Top of SOURCE RECORDS

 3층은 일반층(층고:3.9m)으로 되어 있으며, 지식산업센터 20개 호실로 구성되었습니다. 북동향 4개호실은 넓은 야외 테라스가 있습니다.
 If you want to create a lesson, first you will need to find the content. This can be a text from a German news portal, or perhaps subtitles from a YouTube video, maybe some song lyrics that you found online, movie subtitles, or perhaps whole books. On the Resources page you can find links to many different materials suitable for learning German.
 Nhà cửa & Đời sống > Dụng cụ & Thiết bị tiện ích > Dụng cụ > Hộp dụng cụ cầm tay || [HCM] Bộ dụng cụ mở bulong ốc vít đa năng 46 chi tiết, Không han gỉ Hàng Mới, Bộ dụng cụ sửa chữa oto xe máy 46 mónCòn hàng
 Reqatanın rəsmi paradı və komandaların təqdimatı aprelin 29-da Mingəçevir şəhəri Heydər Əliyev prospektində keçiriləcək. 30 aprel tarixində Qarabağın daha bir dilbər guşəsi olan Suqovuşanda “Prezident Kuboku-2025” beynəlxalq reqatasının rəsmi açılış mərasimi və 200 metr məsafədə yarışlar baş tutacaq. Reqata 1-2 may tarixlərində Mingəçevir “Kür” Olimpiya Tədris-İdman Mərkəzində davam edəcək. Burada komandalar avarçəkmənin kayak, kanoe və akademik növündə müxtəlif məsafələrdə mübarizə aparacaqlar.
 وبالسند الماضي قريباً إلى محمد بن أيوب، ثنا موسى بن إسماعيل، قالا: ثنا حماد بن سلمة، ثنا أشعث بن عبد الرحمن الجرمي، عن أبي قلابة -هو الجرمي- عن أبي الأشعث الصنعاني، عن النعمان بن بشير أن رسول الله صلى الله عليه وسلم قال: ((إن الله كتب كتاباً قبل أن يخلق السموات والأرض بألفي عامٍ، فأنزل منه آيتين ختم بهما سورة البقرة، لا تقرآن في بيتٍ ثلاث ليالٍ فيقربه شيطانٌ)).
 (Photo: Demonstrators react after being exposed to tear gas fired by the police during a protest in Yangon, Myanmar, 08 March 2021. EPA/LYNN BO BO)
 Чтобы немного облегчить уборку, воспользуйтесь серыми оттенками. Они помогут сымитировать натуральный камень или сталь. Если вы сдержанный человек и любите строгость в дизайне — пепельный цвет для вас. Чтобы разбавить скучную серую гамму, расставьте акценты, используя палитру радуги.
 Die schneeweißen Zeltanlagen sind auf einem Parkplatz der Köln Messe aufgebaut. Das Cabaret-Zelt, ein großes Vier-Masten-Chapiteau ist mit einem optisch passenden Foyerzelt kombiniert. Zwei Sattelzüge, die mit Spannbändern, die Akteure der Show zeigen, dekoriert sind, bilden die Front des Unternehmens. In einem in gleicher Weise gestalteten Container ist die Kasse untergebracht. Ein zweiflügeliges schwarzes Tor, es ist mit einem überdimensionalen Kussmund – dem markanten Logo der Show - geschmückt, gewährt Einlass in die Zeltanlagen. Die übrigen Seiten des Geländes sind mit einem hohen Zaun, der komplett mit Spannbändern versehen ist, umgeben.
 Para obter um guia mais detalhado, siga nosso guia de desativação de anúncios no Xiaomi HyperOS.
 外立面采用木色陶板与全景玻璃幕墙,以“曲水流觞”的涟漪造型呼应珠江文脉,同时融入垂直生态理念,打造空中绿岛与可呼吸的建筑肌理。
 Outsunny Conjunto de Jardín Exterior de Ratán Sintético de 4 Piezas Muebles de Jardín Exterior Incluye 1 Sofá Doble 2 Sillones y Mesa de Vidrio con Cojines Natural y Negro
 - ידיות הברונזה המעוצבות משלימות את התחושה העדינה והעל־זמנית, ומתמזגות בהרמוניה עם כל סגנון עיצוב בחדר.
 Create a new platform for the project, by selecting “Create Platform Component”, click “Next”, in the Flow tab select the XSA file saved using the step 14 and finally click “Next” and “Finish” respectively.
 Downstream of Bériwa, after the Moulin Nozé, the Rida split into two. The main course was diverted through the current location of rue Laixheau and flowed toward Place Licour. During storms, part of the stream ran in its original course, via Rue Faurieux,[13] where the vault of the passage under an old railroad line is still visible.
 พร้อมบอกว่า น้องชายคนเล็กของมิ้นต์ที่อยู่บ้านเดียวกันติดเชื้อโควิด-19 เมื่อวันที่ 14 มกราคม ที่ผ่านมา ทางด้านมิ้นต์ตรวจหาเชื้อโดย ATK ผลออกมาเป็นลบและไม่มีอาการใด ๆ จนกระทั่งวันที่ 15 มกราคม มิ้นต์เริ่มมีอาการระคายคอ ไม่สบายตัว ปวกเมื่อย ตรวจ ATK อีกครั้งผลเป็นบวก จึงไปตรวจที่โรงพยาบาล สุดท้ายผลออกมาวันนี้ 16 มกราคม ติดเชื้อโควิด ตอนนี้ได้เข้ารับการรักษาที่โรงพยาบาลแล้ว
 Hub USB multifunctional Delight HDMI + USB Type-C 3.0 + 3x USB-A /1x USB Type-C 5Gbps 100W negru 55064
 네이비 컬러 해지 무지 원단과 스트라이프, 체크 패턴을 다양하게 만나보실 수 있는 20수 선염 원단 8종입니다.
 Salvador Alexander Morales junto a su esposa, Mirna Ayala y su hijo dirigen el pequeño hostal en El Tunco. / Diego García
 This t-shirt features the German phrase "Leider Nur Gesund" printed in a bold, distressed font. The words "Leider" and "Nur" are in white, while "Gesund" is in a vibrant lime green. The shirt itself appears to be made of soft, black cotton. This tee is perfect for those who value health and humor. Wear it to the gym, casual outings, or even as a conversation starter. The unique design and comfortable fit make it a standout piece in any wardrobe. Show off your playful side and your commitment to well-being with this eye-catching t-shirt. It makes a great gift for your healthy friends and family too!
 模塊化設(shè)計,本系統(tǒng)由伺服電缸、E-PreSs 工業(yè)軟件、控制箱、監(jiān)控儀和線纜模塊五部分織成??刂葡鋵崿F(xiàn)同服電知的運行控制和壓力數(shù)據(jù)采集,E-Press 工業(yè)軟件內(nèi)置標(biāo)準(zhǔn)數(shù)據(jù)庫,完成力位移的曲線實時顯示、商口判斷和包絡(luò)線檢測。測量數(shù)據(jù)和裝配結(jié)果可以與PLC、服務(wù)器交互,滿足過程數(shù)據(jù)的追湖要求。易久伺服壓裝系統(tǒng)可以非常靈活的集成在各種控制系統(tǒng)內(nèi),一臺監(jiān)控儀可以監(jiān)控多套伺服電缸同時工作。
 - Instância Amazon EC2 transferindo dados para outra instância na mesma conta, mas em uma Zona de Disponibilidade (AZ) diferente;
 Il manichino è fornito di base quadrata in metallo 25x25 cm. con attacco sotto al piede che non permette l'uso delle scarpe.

Bottom of SOURCE RECORDS

### WHAT IS BEING ASKED
Taking the entries above, print exactly the lines starting at the line with "- ידיות הברונזה" and ending at the line with "Salvador Alexander Morales", both included.

### RESULT OF THIS TASK
 - ידיות הברונזה המעוצבות משלימות את התחושה העדינה והעל־זמנית, ומתמזגות בהרמוניה עם כל סגנון עיצוב בחדר.
 Create a new platform for the project, by selecting “Create Platform Component”, click “Next”, in the Flow tab select the XSA file saved using the step 14 and finally click “Next” and “Finish” respectively.
 Downstream of Bériwa, after the Moulin Nozé, the Rida split into two. The main course was diverted through the current location of rue Laixheau and flowed toward Place Licour. During storms, part of the stream ran in its original course, via Rue Faurieux,[13] where the vault of the passage under an old railroad line is still visible.
 พร้อมบอกว่า น้องชายคนเล็กของมิ้นต์ที่อยู่บ้านเดียวกันติดเชื้อโควิด-19 เมื่อวันที่ 14 มกราคม ที่ผ่านมา ทางด้านมิ้นต์ตรวจหาเชื้อโดย ATK ผลออกมาเป็นลบและไม่มีอาการใด ๆ จนกระทั่งวันที่ 15 มกราคม มิ้นต์เริ่มมีอาการระคายคอ ไม่สบายตัว ปวกเมื่อย ตรวจ ATK อีกครั้งผลเป็นบวก จึงไปตรวจที่โรงพยาบาล สุดท้ายผลออกมาวันนี้ 16 มกราคม ติดเชื้อโควิด ตอนนี้ได้เข้ารับการรักษาที่โรงพยาบาลแล้ว
 Hub USB multifunctional Delight HDMI + USB Type-C 3.0 + 3x USB-A /1x USB Type-C 5Gbps 100W negru 55064
 네이비 컬러 해지 무지 원단과 스트라이프, 체크 패턴을 다양하게 만나보실 수 있는 20수 선염 원단 8종입니다.
 Salvador Alexander Morales junto a su esposa, Mirna Ayala y su hijo dirigen el pequeño hostal en El Tunco. / Diego García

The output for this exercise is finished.